1. A aprovação da Emenda Constitucional nº 66/2010, ao dar nova redação ao § 6º do art. 226 da Constituição Federal, que dispõe sobre a dissolubilidade do casamento civil pelo divórcio, não enseja automática revogação da legislação infraconstitucional que disciplina a dissolução da sociedade e do vínculo conjugal. Para que isso ocorra, indispensável seja modificado o Código Civil, que, por ora, preserva em pleno vigor os dispositivos atinentes à separação judicial e ao divórcio. Inteligência do art. 2º, § 1º, da Lei de Introdução ao Código Civil (Decreto-Lei nº 4.657/42).

2. E mais, mesmo estando o pleito formulado com base em separação fática por tempo superior a cinco anos, e não tendo a contestação ofertada atacado esse ponto, por esse motivo também não caberia acolher o pleito, pois a contestação foi ofertada por curador especial, nomeado ao réu revel citado por edital. A contestação por negativa geral, nessas condições, carrega ao autor o ônus de produzir provas do alegado, afastando qualquer efeito da revelia, que, no caso, nem cabe cogitar, por se tratar de ação de estado.

ACÓRDÃO

Vistos, relatados e discutidos os autos.

Acordam os Desembargadores integrantes da Oitava Câmara Cível do Tribunal de Justiça do Estado,

por maioria, vencido o Relator, em dar provimento à apelação.

Custas na forma da lei.

Participou do julgamento, além dos signatários, o eminente Senhor

Des. Alzir Felippe Schmitz.

Porto Alegre, 24 de fevereiro de 2011.

DES. LUIZ ARI AZAMBUJA RAMOS,

Presidente e Relator.

DES. LUIZ FELIPE BRASIL SANTOS,

Revisor e Redator.

RELATÓRIO

Des. Luiz Ari Azambuja Ramos (PRESIDENTE E RELATOR)

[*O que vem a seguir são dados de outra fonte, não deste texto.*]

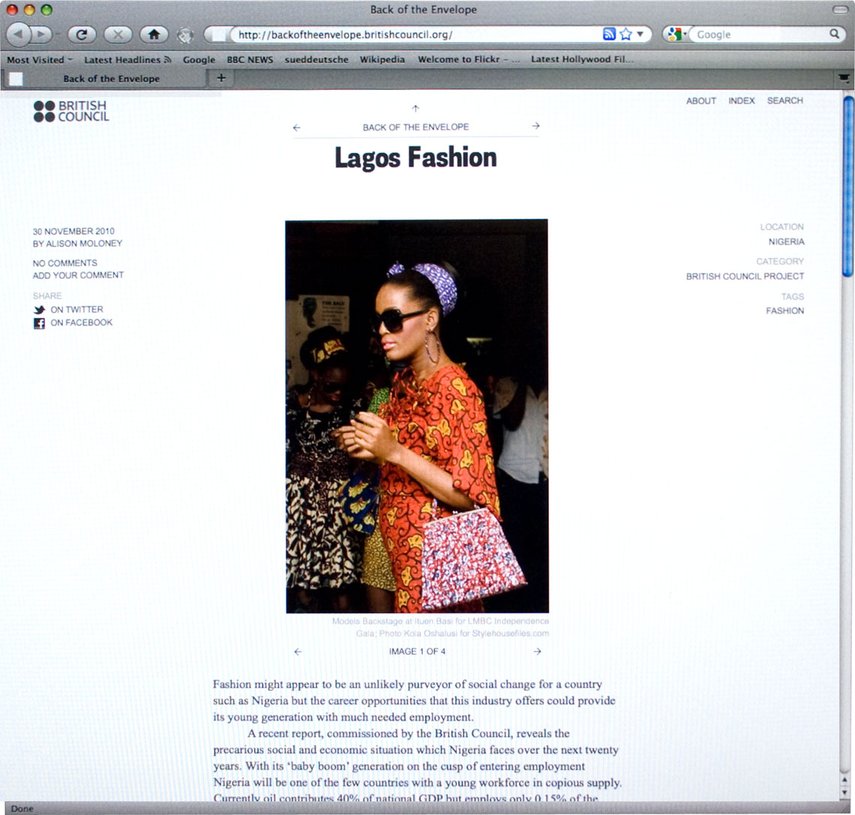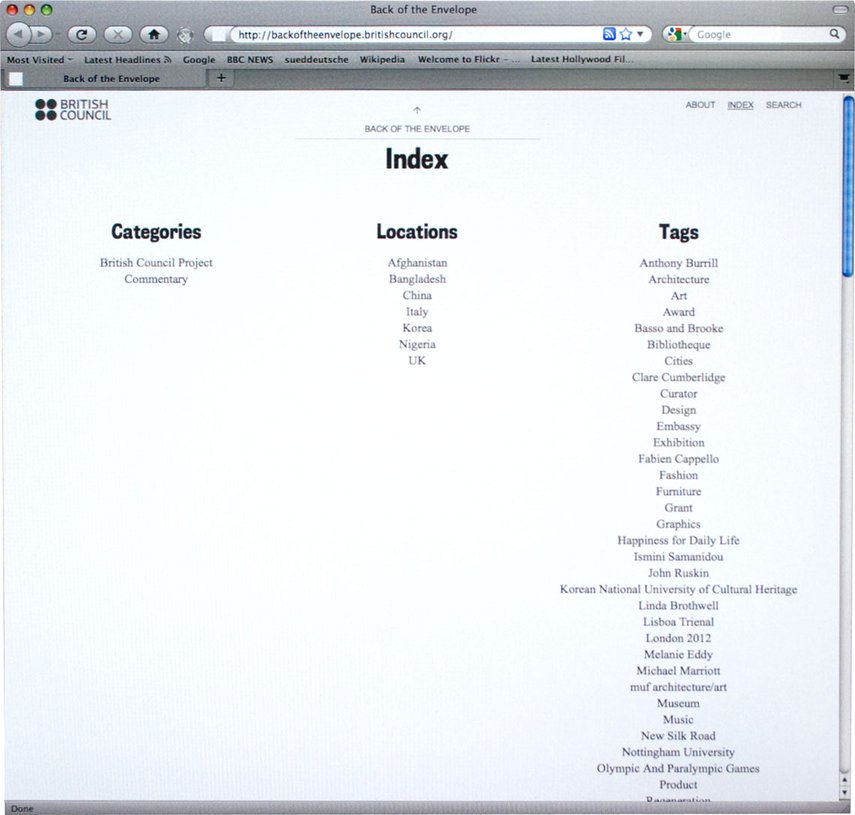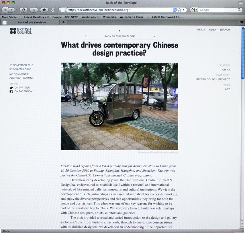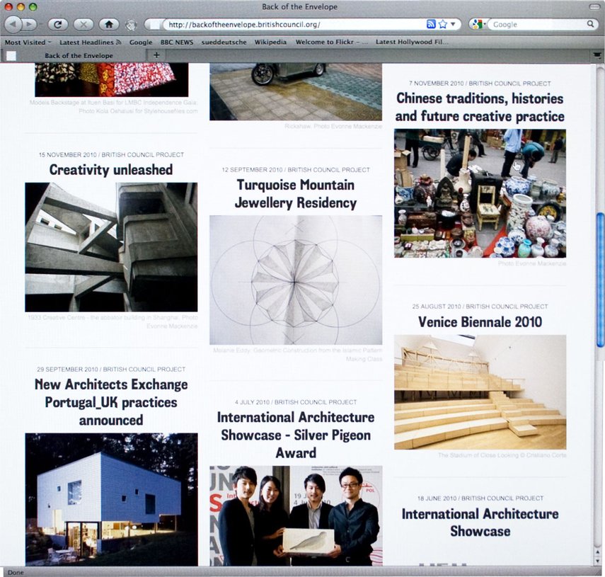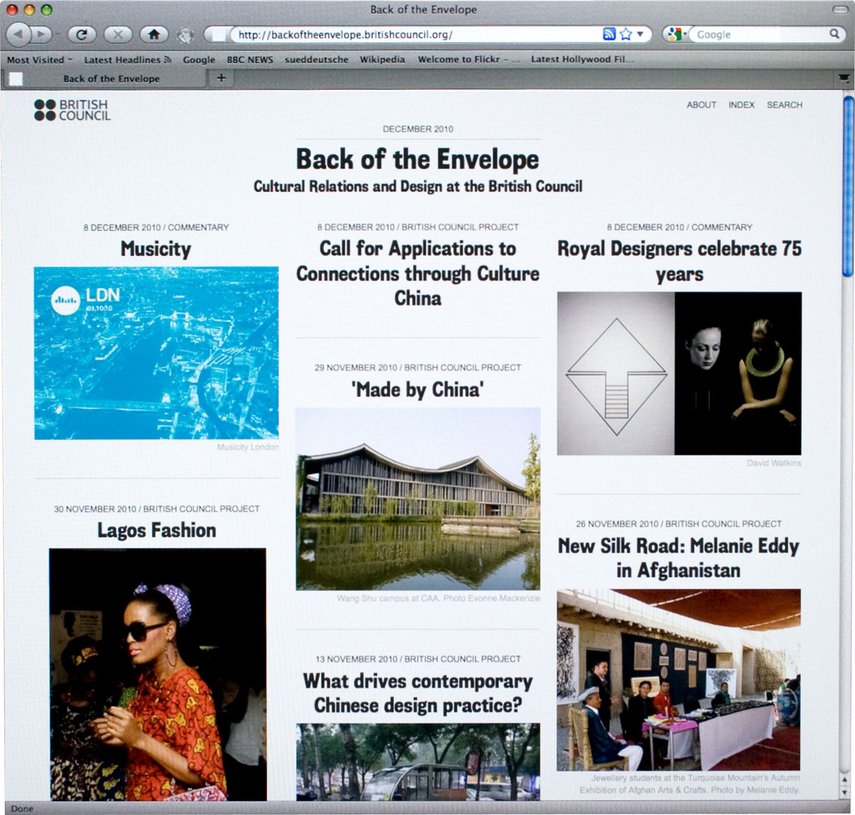 Das Team der Abteilung für Architektur, Design und Mode des British Council bat uns, einen Blog zu entwerfen, in dem sie ihre laufende Arbeit veröffentlichen und die diesen Disziplinen zugehörigen Neuigkeiten in Großbritannien kommentieren können. In Zusammenarbeit mit Wolfram Wiedner versuchten wir, die einfache Blog-Struktur in Richtung eines eher magazinorientierten Gestaltungsansatzes zu überdenken, während die einfache direktionale Navigation eines klassischen Blogs beibehalten wurde. Auch das Content Management System, wurde von neu auf gestaltet.
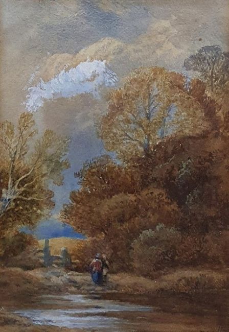 W. Hall - British School, late 19th/early 20th centuryWatercolourFigures in a landscape by a lake, signed lower right, 18 x 12cm andBritish School - 20th centuryWatercolourA mantelpiece clock and a mirror, with monogram SM and dated '89 lower right, 18 x 14 cm (2)
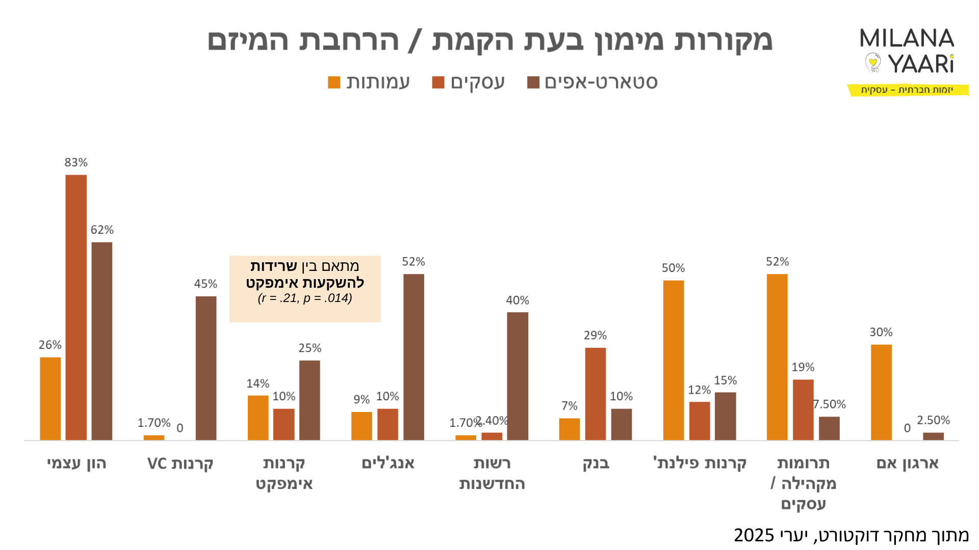 כפי שניתן לראות בגרף, מכל גורמי מימון - עסקיים, ממשלתיים ופילנתרופיים, רק מיזמים שקיבלו מימון מקרנות אימפקט בשלב ההקמה או ההרחבה הציגו מתאם מובהק עם שרידות המיזמים (r = 0.21, p = 0.01).

Trata-se de apelação interposta pelo Ministério Público, de sentença da MMª. Juíza de Direito da 3ª Vara Cível da comarca de Erechim, especializada em Direito de Família, que deu pela procedência de ação de divórcio litigioso manejada por FLÁVIA S. K contra JOSÉ FRANCISCO k.

Insurge-se o recorrente, em síntese, com a conclusão da sentença dando pela eficácia plena da EC 66/10, que modificou o art. 226, § 6º, da CF, no entendimento de que se contrapõe à regra do Código Civil, inserta no art. 1.580, § 2º. Assim, assevera necessitar de complementação, de modo que a dispensa do lapso temporal de separação apenas pode ser admitido havendo consenso entre as partes.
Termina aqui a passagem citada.